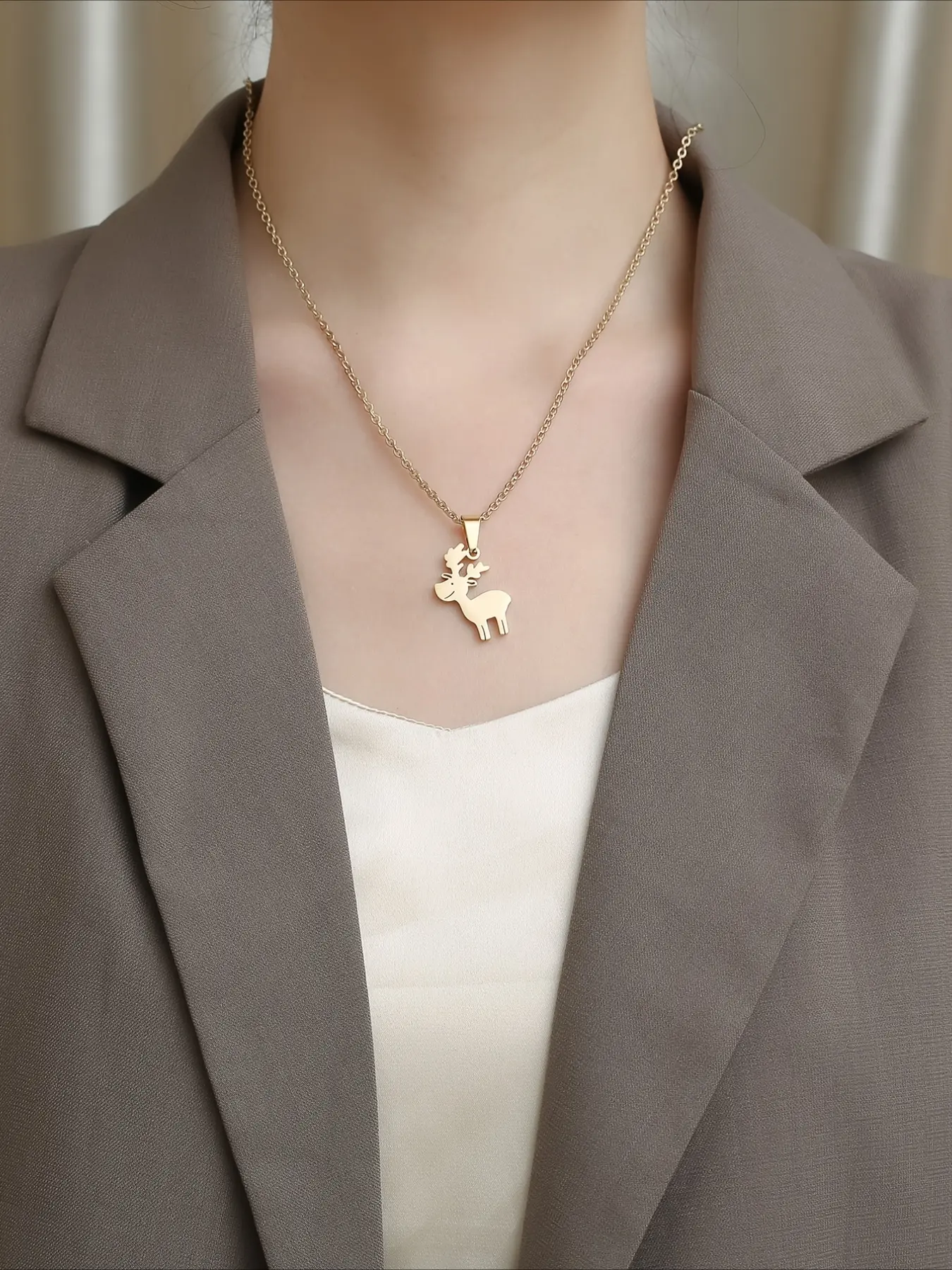 Christmas Elk Pendant Necklace, Stainless Steel Non Fading, Christmas Accessories, Christmas Gifts
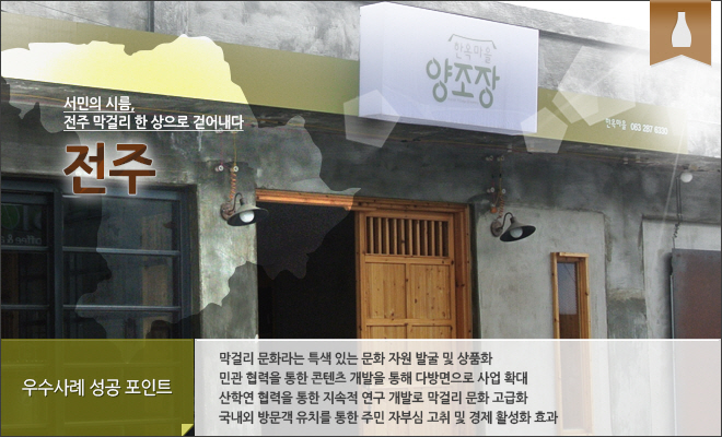 이제 사람들은 전주에 오면 한정식, 비빔밥, 콩나물 국밥 그리고 막걸리를 맛본다. 전주 막걸리 골목에서는 아직도 주전자 단위로 술을 판매한다. 한 주전자를 시키면 한 상 가득 전주의 손맛이 담긴 안주가 곁들여 나온다. IMF를 기점으로 부활한 전주시의 서민 문화 막걸리는 낙후되었던 막걸리 골목을 활성화시켰고 이는 어려웠던 시절 막걸리로 시름을 달래던 전주시 서민 상권을 부활시켰다. 우리 전통문화의 힘은 이처럼 무궁무진하다. 막걸리 프로젝트의 성공 역시, 이처럼 오랜 시간 우리 문화유산을 소중히 지켜온 전주시의 힘인 것이다.
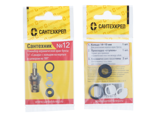Набор прокладок "Сантехник №12" (Набор для ремонта керамической кран-буксы 1/2) (Сантехкреп)
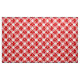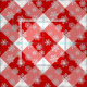 Fabric in a large, deep red and white buffalo plaid pattern, with a flurry white snowflakes
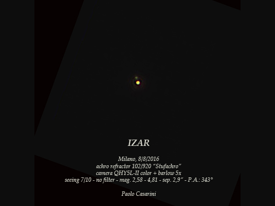Sebbene non faccia notizia la sua facile separazione, attualmente prossima ai 5” con componenti di magnitudo 1,9 e 2,9 circa rispettivamente, devo però soffermarmi a sottolineare quanto pulita apparisse l’immagine fornita dal 4 pollici acromatico. La coppia (in realtà il sistema è formato anche da altri astri legati gravitazionalmente alle componenti A e B benché la loro luminosità sia notevolmente inferiore) risultava largamente separata a 230x con due dischi di Airy ben rotondi e puliti circondati da un primo anello di diffrazione e da un accenno, debolissimo, di secondo.
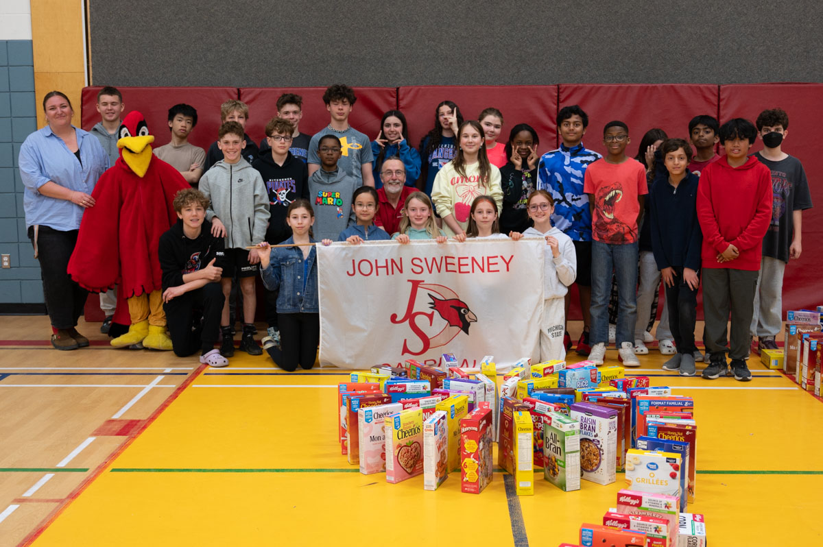 This Lent, the John Sweeney Catholic Elementary School community came together in a powerful show of generosity through their annual Cardinals Care project. Students were invited to support those facing food insecurity by donating unopened boxes of cereal for the Waterloo Region Food Bank — with each student challenged to bring in two boxes.
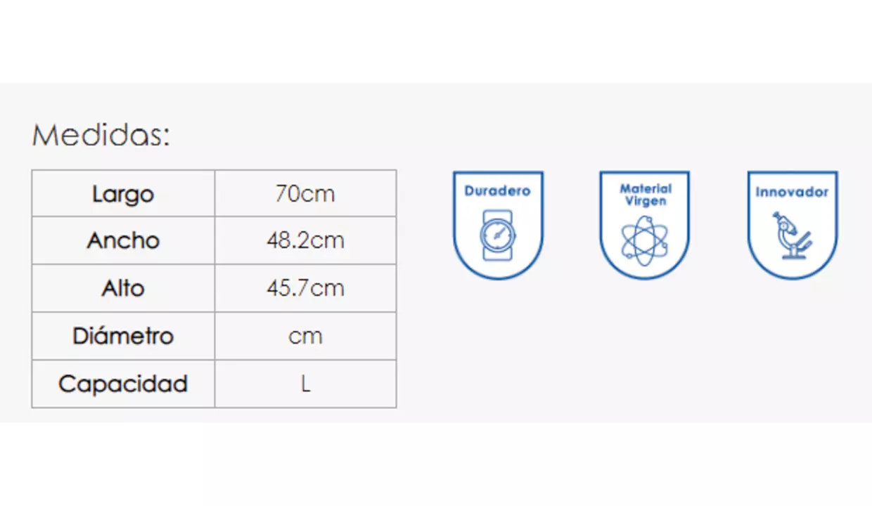 | Tamaño | 48.2 cm de ancho x 70 cm de largo x 45.7 cm de alto |
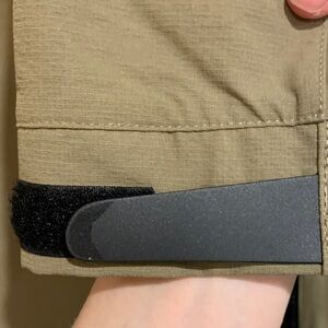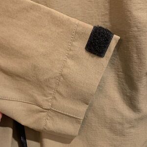 Sleek olive windbreaker with hood. Features front zip and adjustable cuffs. Ideal for casual wear.
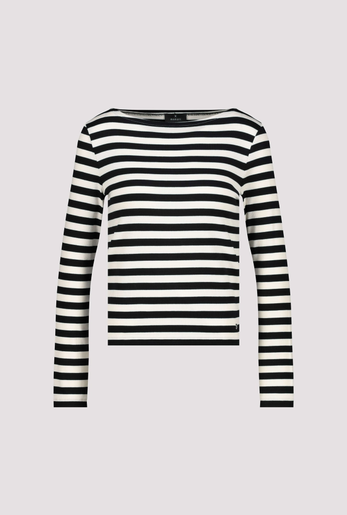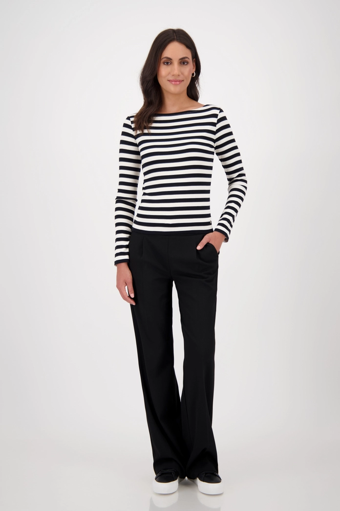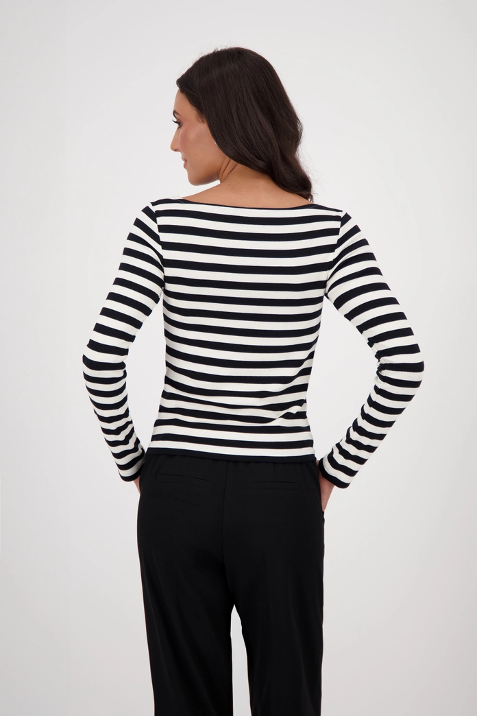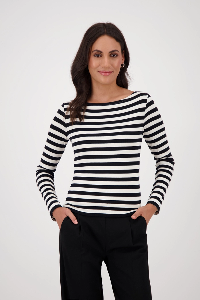 Elegantná košeľa z padavej viskózy s elastickým materiálom, s očarujúcim pruhovaným vzorom, lodičkovým výstrihom a dlhým rukávom regular fit pre štýlový vzhľad.
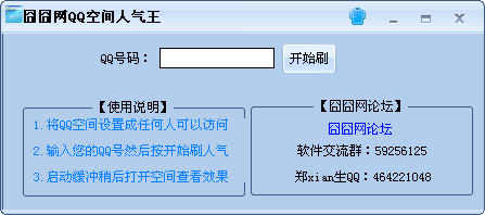 囧囧網(wǎng)QQ空間人氣王是一款可以幫助用戶免費刷空間人氣的工具,用戶只需在軟件中輸入QQ號碼,然后點擊“開始刷”即可刷QQ空間的人氣了。等幾分鐘打開你的空間看看人氣訪問量是不是咻咻咻的上升呢?

PROBLEM — Print the records again exactly, without the pictures.

OUTPUT OF THE EXERCISE —
 Christmas Elk Pendant Necklace, Stainless Steel Non Fading, Christmas Accessories, Christmas Gifts
 이제 사람들은 전주에 오면 한정식, 비빔밥, 콩나물 국밥 그리고 막걸리를 맛본다. 전주 막걸리 골목에서는 아직도 주전자 단위로 술을 판매한다. 한 주전자를 시키면 한 상 가득 전주의 손맛이 담긴 안주가 곁들여 나온다. IMF를 기점으로 부활한 전주시의 서민 문화 막걸리는 낙후되었던 막걸리 골목을 활성화시켰고 이는 어려웠던 시절 막걸리로 시름을 달래던 전주시 서민 상권을 부활시켰다. 우리 전통문화의 힘은 이처럼 무궁무진하다. 막걸리 프로젝트의 성공 역시, 이처럼 오랜 시간 우리 문화유산을 소중히 지켜온 전주시의 힘인 것이다.
Набор прокладок "Сантехник №12" (Набор для ремонта керамической кран-буксы 1/2) (Сантехкреп)
 Fabric in a large, deep red and white buffalo plaid pattern, with a flurry white snowflakes
Sebbene non faccia notizia la sua facile separazione, attualmente prossima ai 5” con componenti di magnitudo 1,9 e 2,9 circa rispettivamente, devo però soffermarmi a sottolineare quanto pulita apparisse l’immagine fornita dal 4 pollici acromatico. La coppia (in realtà il sistema è formato anche da altri astri legati gravitazionalmente alle componenti A e B benché la loro luminosità sia notevolmente inferiore) risultava largamente separata a 230x con due dischi di Airy ben rotondi e puliti circondati da un primo anello di diffrazione e da un accenno, debolissimo, di secondo.
 This Lent, the John Sweeney Catholic Elementary School community came together in a powerful show of generosity through their annual Cardinals Care project. Students were invited to support those facing food insecurity by donating unopened boxes of cereal for the Waterloo Region Food Bank — with each student challenged to bring in two boxes.
 | Tamaño | 48.2 cm de ancho x 70 cm de largo x 45.7 cm de alto |
 Sleek olive windbreaker with hood. Features front zip and adjustable cuffs. Ideal for casual wear.
 Elegantná košeľa z padavej viskózy s elastickým materiálom, s očarujúcim pruhovaným vzorom, lodičkovým výstrihom a dlhým rukávom regular fit pre štýlový vzhľad.
 囧囧網(wǎng)QQ空間人氣王是一款可以幫助用戶免費刷空間人氣的工具,用戶只需在軟件中輸入QQ號碼,然后點擊“開始刷”即可刷QQ空間的人氣了。等幾分鐘打開你的空間看看人氣訪問量是不是咻咻咻的上升呢?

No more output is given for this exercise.